また、今回、「Wiiモード」と「X68モード」という2種類のゲームモードがあるが、これらモードの違いが想像していたものと全く異なっており、「Wiiモード」を選択すると、一部のキャラがコミカルキャラになったり、ステージ開始時に「おやじギャグ」が出たりするというシロモノだったりする。個人的には、Wiiモードにすると、当時ソフトウェアでごり押しで再現していた回転拡大縮小が、ハードウェアアクセラレーションで滑らかになったり、新しい武器が出たり、理不尽だった敵配置が修正されたりするのかと思っていた。これだったら、初めから「コミカルモード」「オリジナルモード」としておいた方が期待を裏切らなくてよかったのでは?と思った。

それとどうでもいいことかもしれないが、CEROのセクシャル判定に該当するような演出が削除されていた。(ネタバレにつき詳細は記載しない。)

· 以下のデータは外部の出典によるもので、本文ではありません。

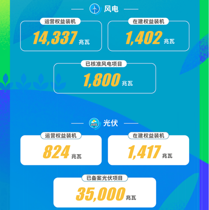 2021年,風(fēng)電、光伏累計新增權(quán)益裝機2.535GW;

ただ、悪い点ばかりでもなく、良くなった点も多々ある。たとえば、X68000版に比べて、敵弾やキャラクターが見やすくなっている。X68000版はキャラクターが背景に対してカメレオン状態な配色だったため、とくに敵弾が見づらく、何時の間にかミスしているということが多々あった。

他には当然ながら、当時、ソフトウェアでごり押しで再現していた回転拡大縮小が、スムーズに表現されていて、おそらく当時の開発者は、こういうことをしたかったんだろうなぁ・・・としみじみ思った。(もちろん、当時のゴリ押しエフェクトも最高に輝いていたと思う。)

それで最大の改良点と言えると思うが、理不尽な敵の配置や攻撃が緩和(見直されて)おり、他にもボスや中ボスなどにダメージを与えるとその箇所がフラッシュするように変更されていて、ダメージを与えているかどうかが視覚的にわかるのようになっており、こういう細やかな気遣いがとても好感が持てた。